====== Stored data ======

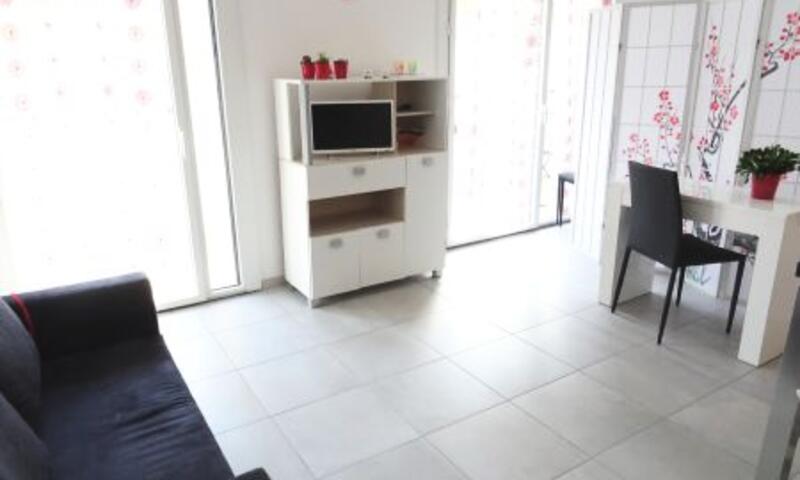 Pièce principale avec cuisine et coin nuit (carrelage) : 1 table, 4 chaises,  1 meuble bas, 1 télévision écran plat, 1 petite banquette, literie en 140cm avec séparation paravent, 3 plaques vitro, four multifonction, hotte  réfrigérateur/congélateur, bouilloire, grille pain, cafetière électrique, vaisselle et batterie de cuisine.
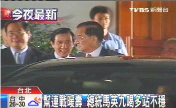 等到要离开时,他只能挨着连战,肩并肩的走,看他脸红红走不稳,似乎只剩下这一抹微笑,在说“我没醉、没醉啦”。
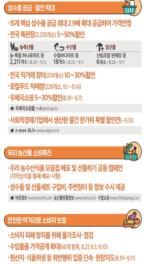 전국 2235개 특판장에서는 제수용품, 과일·한우 선물세트를 10~50% 할인 판매하고, 산림조합 임산물도 10~15% 저렴하게 살 수 있다. 244개 직거래장터에서는 농축산물을 10~30% 싸게 판매하고, 229개 로컬푸드 마켓에서도 성수품과 지역별 농산물을 할인 판매한다. 우체국쇼핑은 인터넷을 통해 추석 선물 대전 행사를 열어 특산물 3400여개, 생필품 1000여개 품목을 5~30% 할인한다. 17개 농협·한우협회는 이동판매를 통해 한우와 돼지고기를 20% 할인 판매한다.
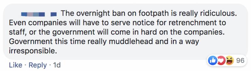 但是,也有网友觉得,政府这次应该给大家一点适应的时间,而不是突然之间下令禁止。就如公司裁员一样,也应该提前通知:
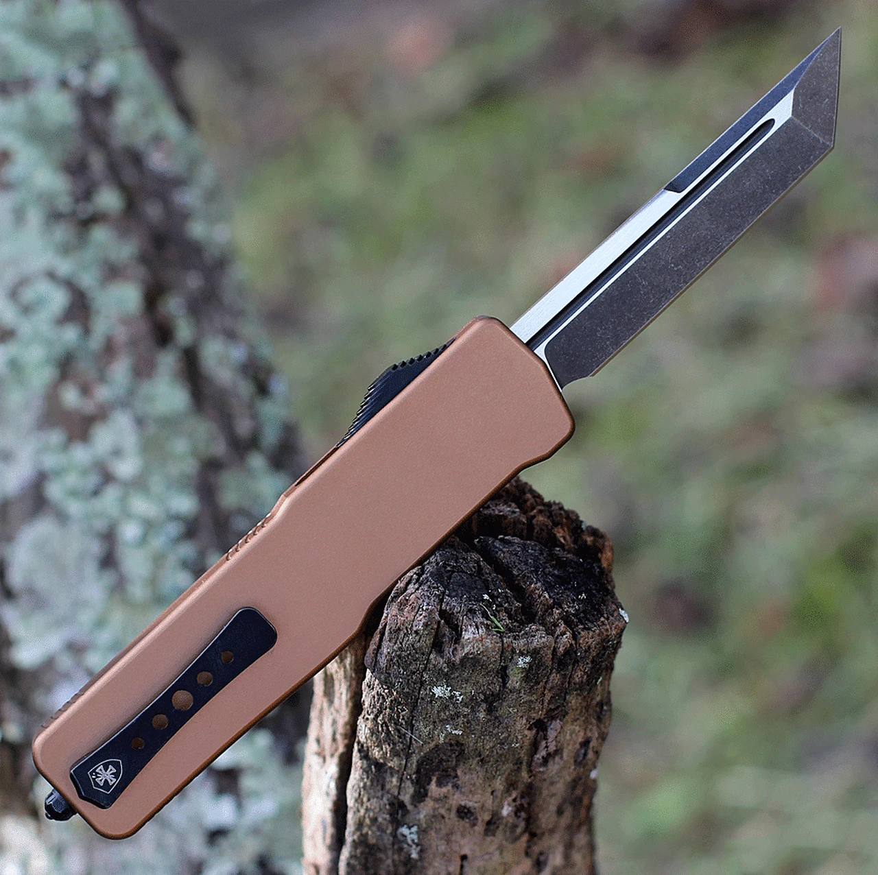 Templar Knife Premium Lightweight Series – Large OTF Automatic (LA-AB-22-1) – 3.55″ Powder D2 Black SW Tanto, Aluminum Bronze Handle

======

What is expected:
Please leave out the pictures while you copy exactly the lines from the one containing "但是,也有网友觉得,政府这次" through the end of the records.

Solution:
 但是,也有网友觉得,政府这次应该给大家一点适应的时间,而不是突然之间下令禁止。就如公司裁员一样,也应该提前通知:
 Templar Knife Premium Lightweight Series – Large OTF Automatic (LA-AB-22-1) – 3.55″ Powder D2 Black SW Tanto, Aluminum Bronze Handle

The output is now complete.